Extract From File node - How it separate content by pages?

Hello guys,

I’m using Extract from file node in the n8n to extract PDF content. My PDF has 3 pages, however the content is all inside a unique string. How can I do get the PDF content by pages?

Thank you.

Kindly, can you share your workflow to provide additional context?

Hello, I just have a extract from file node which extracts data from the PDF binary file. One point I noticed is, every file I tried returned a \n\n between the pages. I was thinking if this is the page separator which n8n uses.

True—the \n\n (double newline) is typically the page separator when n8n extracts text from PDFs.

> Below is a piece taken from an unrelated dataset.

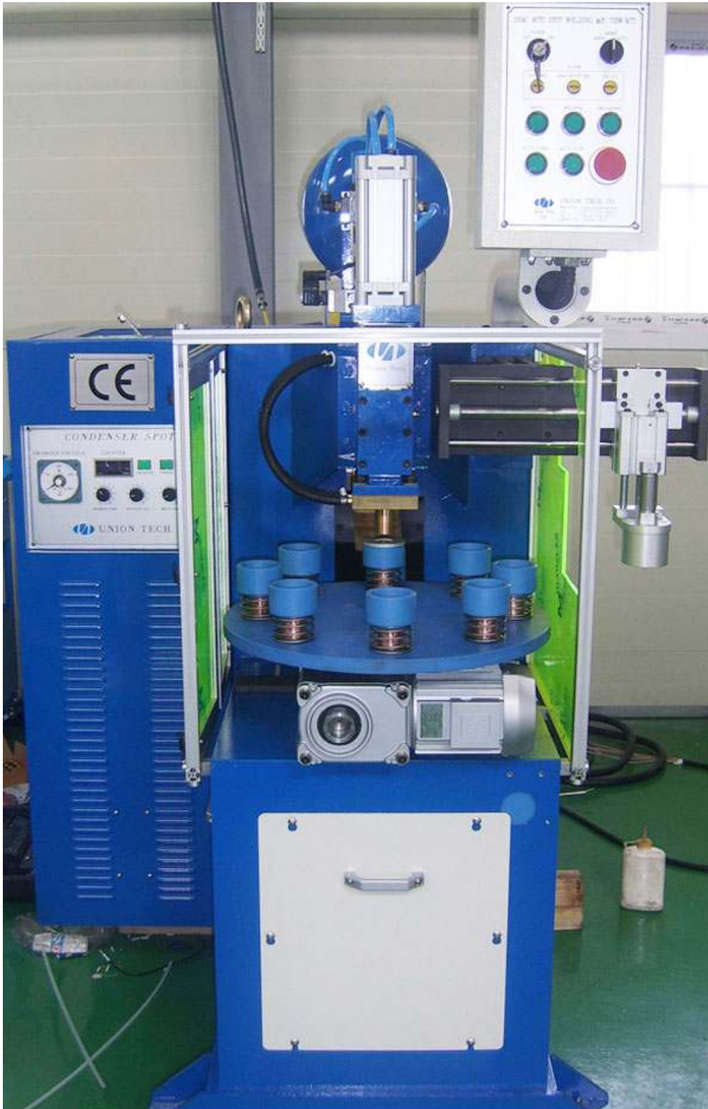
M/C MAIN PART

To split the content by pages, add a Code node after your Extract from File node with this:

const pdfText = $input.first().json.data; // adjust field name based on your output

// Split by double newline (page separator)
const pages = pdfText.split('\n\n');

// Return each page as a separate item
return pages.map((content, index) => ({
  json: {
    pageNumber: index + 1,
    content: content.trim()
  }
}));

If \n\n doesn’t work consistently, you can also try splitting by form feed character which is the standard PDF page break:

const pages = pdfText.split('\f');

This will give you each page as a separate item that you can process individually downstream.

Let me know if you need help adjusting this to your workflow.